*Activity*: Your output should be everything below from the line containing "Apartament typu studio" down to the line containing "2006年6月26日上午,罗", both ends included, copied exactly, with pictures left out.

The data: Begin

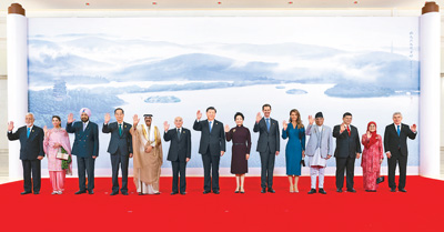 秋日漪園,水光瀲滟,丹桂飄香。習近平和彭麗媛熱情迎接貴賓,同他們親切握手并合影留念。
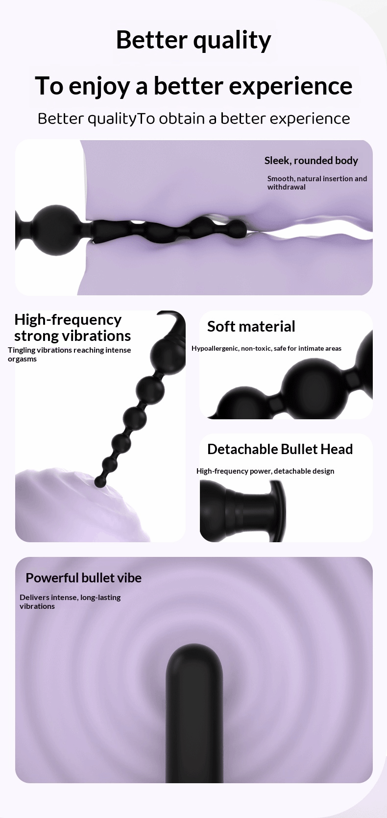 Anal Vibrating Beads: A silicone electric anal plug with nine vibration modes, suitable for both men and women. Features a flexible design, silicone material, and a pull-ring for easy removal. Ideal for couples.
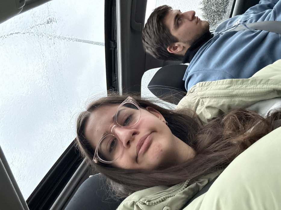 The image displays two individuals inside a vehicle, stated to be located in Zahesi, Georgia. In the foreground, a female with long brown hair and clear-framed eyeglasses occupies the passenger seat, wearing a light, possibly quilted, jacket and a small silver hoop earring on her left ear. She looks directly towards the camera with a neutral expression. Behind her and to the right, a male sits in the driver's seat, wearing a dark turtleneck under a light blue hoodie, secured by a seatbelt. He is observed looking out the right-side window, away from the camera. The vehicle features an open glass sunroof and side windows, all exhibiting visible raindrops, indicating current or recent precipitation. Through the sunroof, an overcast sky is visible, and through the side window, blurred green foliage and an indistinct dark vertical object are present in the background.
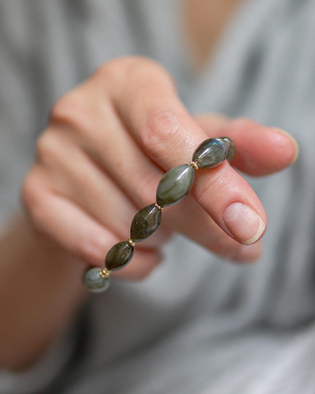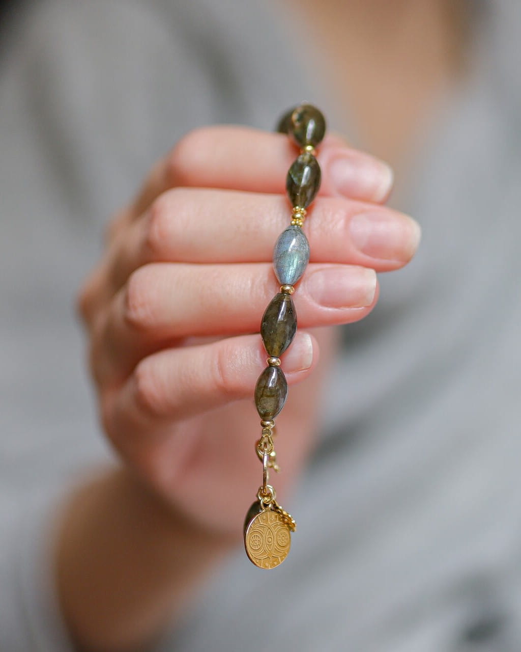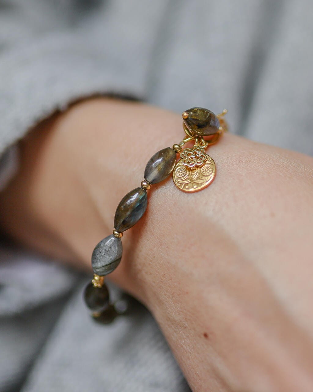 Ta bransoletka z labradorytu powstała z myślą o kobietach, które niosą w sobie świat intuicji – cichej, pewnej i nieprzemijającej.
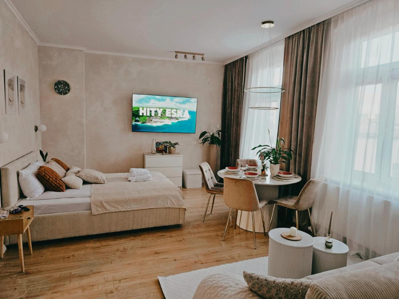 Apartament typu studio z łóżkiem podwójnym. This apartment is comprised of 1 living room, 1 separate bedroom and 1 bathroom with a shower and free toiletries. Meals can be prepared in the kitchen, which is fitted with a stovetop, a refrigerator, a dishwasher and kitchenware. This apartment features a tea and coffee maker, flat-screen TV with streaming services, ancourtyard view, as well as chocolate for guests. The unit offers 1 bed. Apartament - 2 osobowy. Powierzchnia pokoju ok.: 20 mkw. ;
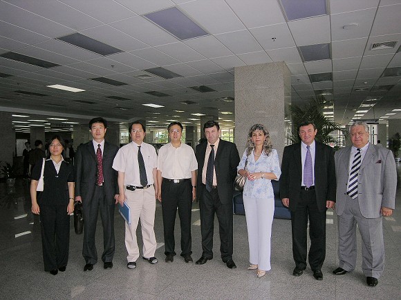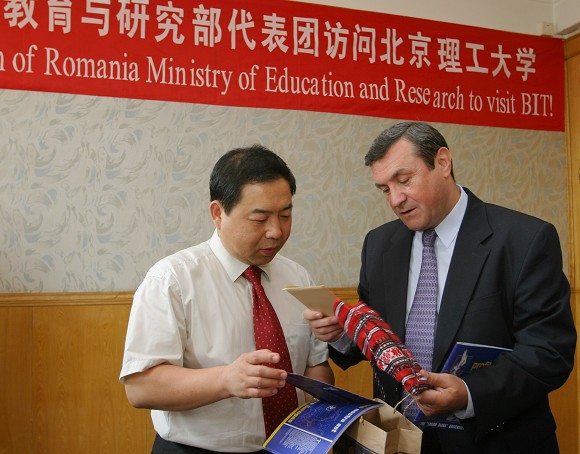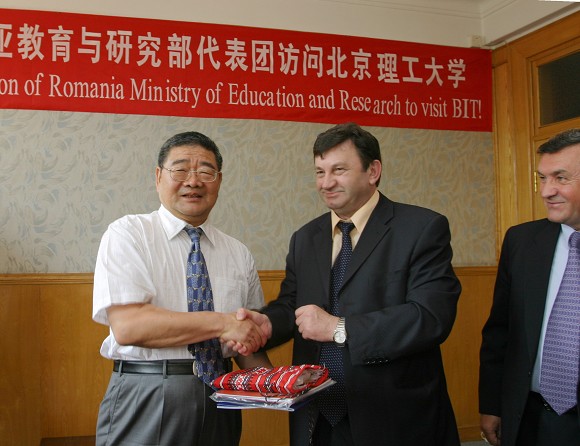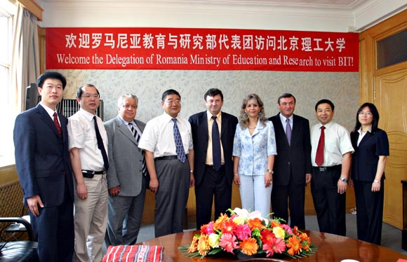 2006年6月26日上午,罗马尼亚教育与研究部总秘书长艾伦·伯朗率罗马尼亚教育与研究部代表团一行对beat365进行了友好访问,受到了beat365党委书记焦文俊的亲切接待。[代表团成员:罗马尼亚教育与研究部总秘书长、代表团团长艾伦·格朗(中);罗马尼亚教育与研究部高教司司长瓦西里·纳斯达斯克(左三);罗马尼亚海外奖学金主任玛达尼娜·佳妮(右四);锡比乌大学校长 索伦·奥帕里安(右三)]
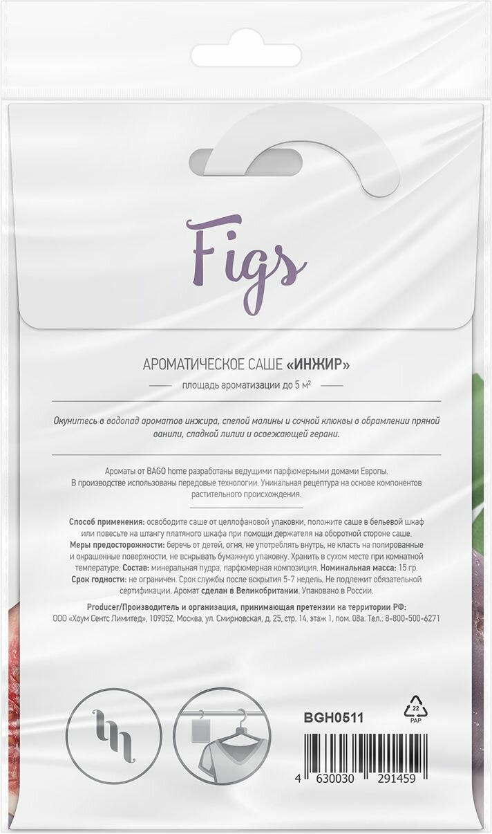 Ароматическое саше для дома и белья Инжир от BAGO home (Баго Хоум) - многогранный аромат инжира от летнего и травянистого до тонкого и горьковатого, как миндаль, волшебным образом объединяются со спелой малиной и сочной клюквой. Цветочная феерия из пряной ванили, сладкой лилии и свежести герани дополняет фруктово-ягодный букет. Верхние ноты: инжир Средние ноты: герань Нижние ноты: кремовая ваниль. Ароматическое саше используют для ароматизации помещений и салонов автомобилей; создания уютной атмосферы в доме, на рабочем месте или в зоне релаксации; благотворного воздействия на настроение и самочувствие людей; стимуляции работоспособности; борьбы с депрессией, вспыльчивостью, стрессовыми состояниями, бессонницей; придания приятного аромата хранящейся в шкафу одежде и постельным принадлежностям. Способ применения: Освободите ароматическое саше от целлофановой упаковки, не вскрывая бумажный конверт. Саше можно поместить в гардеробную комнату, в ящики для белья и платяные шкафы (используя при этой бумажный крючок в упаковке), в багаж или сумку, в салон автомобиля и под подушку. Не кладите саше на полированные и окрашенные поверхности. Внимание: Ознакомьтесь со сроком службы, временем работы и мерами предосторожности продукта. Храните в недоступном для детей месте. Держите вдали от огня. Срок годности: Не ограничен. Срок службы после вскрытия 5-7 недель.

The data: End

*Result of the exercise*:
 Apartament typu studio z łóżkiem podwójnym. This apartment is comprised of 1 living room, 1 separate bedroom and 1 bathroom with a shower and free toiletries. Meals can be prepared in the kitchen, which is fitted with a stovetop, a refrigerator, a dishwasher and kitchenware. This apartment features a tea and coffee maker, flat-screen TV with streaming services, ancourtyard view, as well as chocolate for guests. The unit offers 1 bed. Apartament - 2 osobowy. Powierzchnia pokoju ok.: 20 mkw. ;
 2006年6月26日上午,罗马尼亚教育与研究部总秘书长艾伦·伯朗率罗马尼亚教育与研究部代表团一行对beat365进行了友好访问,受到了beat365党委书记焦文俊的亲切接待。[代表团成员:罗马尼亚教育与研究部总秘书长、代表团团长艾伦·格朗(中);罗马尼亚教育与研究部高教司司长瓦西里·纳斯达斯克(左三);罗马尼亚海外奖学金主任玛达尼娜·佳妮(右四);锡比乌大学校长 索伦·奥帕里安(右三)]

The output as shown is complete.